[Dataset items]
»»
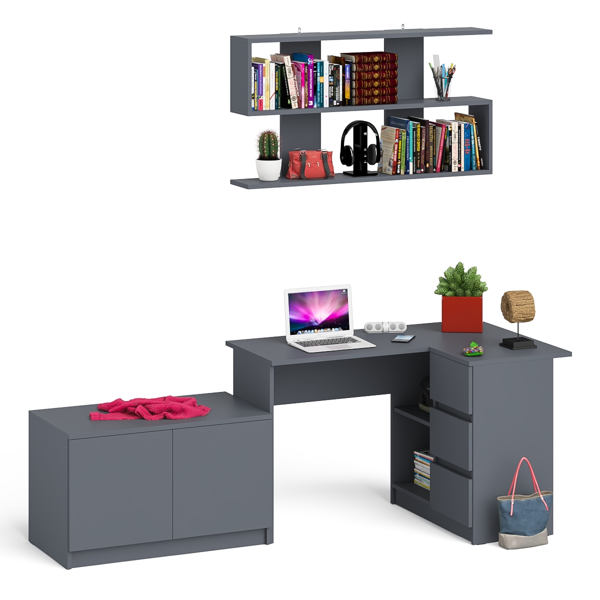 Отзывы о Столплит Компьютерный угловой стол Мори МС-16 правый с открытой полкой на 1200 и 2-х дверной тумбочкой Графит
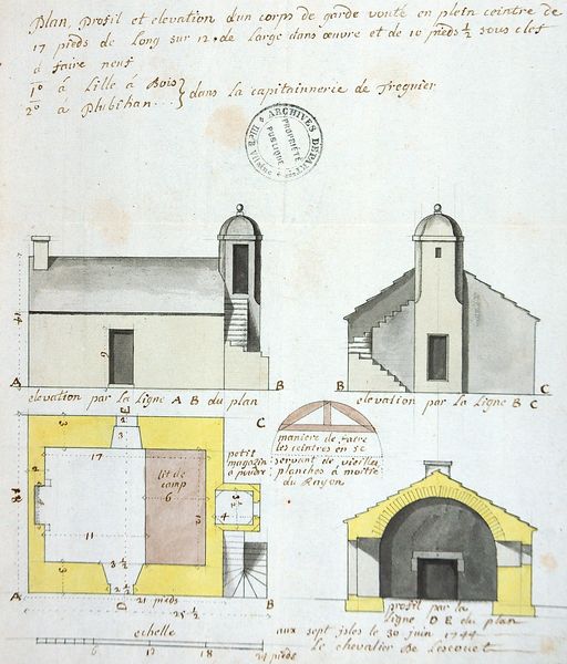 Plan, profil et élévation d'un corps de garde voûté en plein cintre destiné à l'île à Bois et à Pleubian, fait aux Sept-îles le 30 juin 1744 par le chevalier de LescouëtImmatriculation
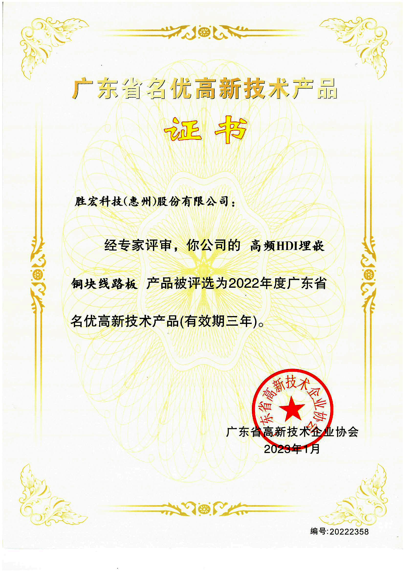 ”High-Frequency HDI Copper Coin PCB” Reputable High-Tech Product Certificate
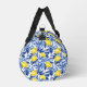 This Blue French Country lemon duffle bag blends sunny yellow lemons with rich blue leaves for a fresh Mediterranean look. Perfect for those who love personalized French country decor and timeless blue tile elegance.
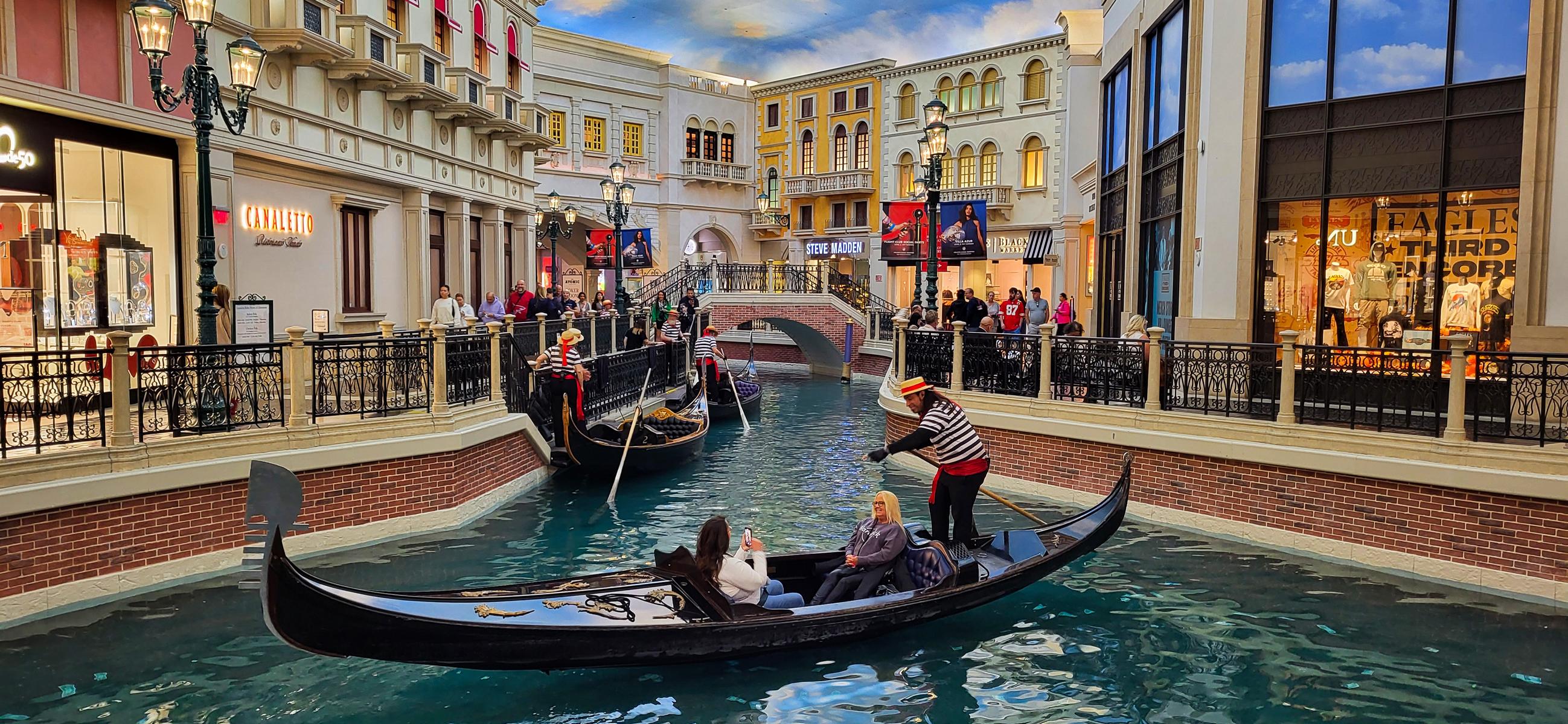Das Venetian ist für mich die absolute Krönung der Illusion. Es ist innen wie außen Venedig in klein, mit den Plätzen, den Restaurants, den engen Gassen und den Kanälen, auf denen man sich von Gondoliere nach innen und außen fahren lassen kann. Wenn gewünscht (und bezahlt), singen die Gondoliere auch italienische Lieder.
««
[PROBLEM TO WORK ON]
Return the lines of the data above in full and exactly, with no pictures.

[SOLVED PROBLEM]
 Отзывы о Столплит Компьютерный угловой стол Мори МС-16 правый с открытой полкой на 1200 и 2-х дверной тумбочкой Графит
 Plan, profil et élévation d'un corps de garde voûté en plein cintre destiné à l'île à Bois et à Pleubian, fait aux Sept-îles le 30 juin 1744 par le chevalier de LescouëtImmatriculation
 ”High-Frequency HDI Copper Coin PCB” Reputable High-Tech Product Certificate
 This Blue French Country lemon duffle bag blends sunny yellow lemons with rich blue leaves for a fresh Mediterranean look. Perfect for those who love personalized French country decor and timeless blue tile elegance.
Das Venetian ist für mich die absolute Krönung der Illusion. Es ist innen wie außen Venedig in klein, mit den Plätzen, den Restaurants, den engen Gassen und den Kanälen, auf denen man sich von Gondoliere nach innen und außen fahren lassen kann. Wenn gewünscht (und bezahlt), singen die Gondoliere auch italienische Lieder.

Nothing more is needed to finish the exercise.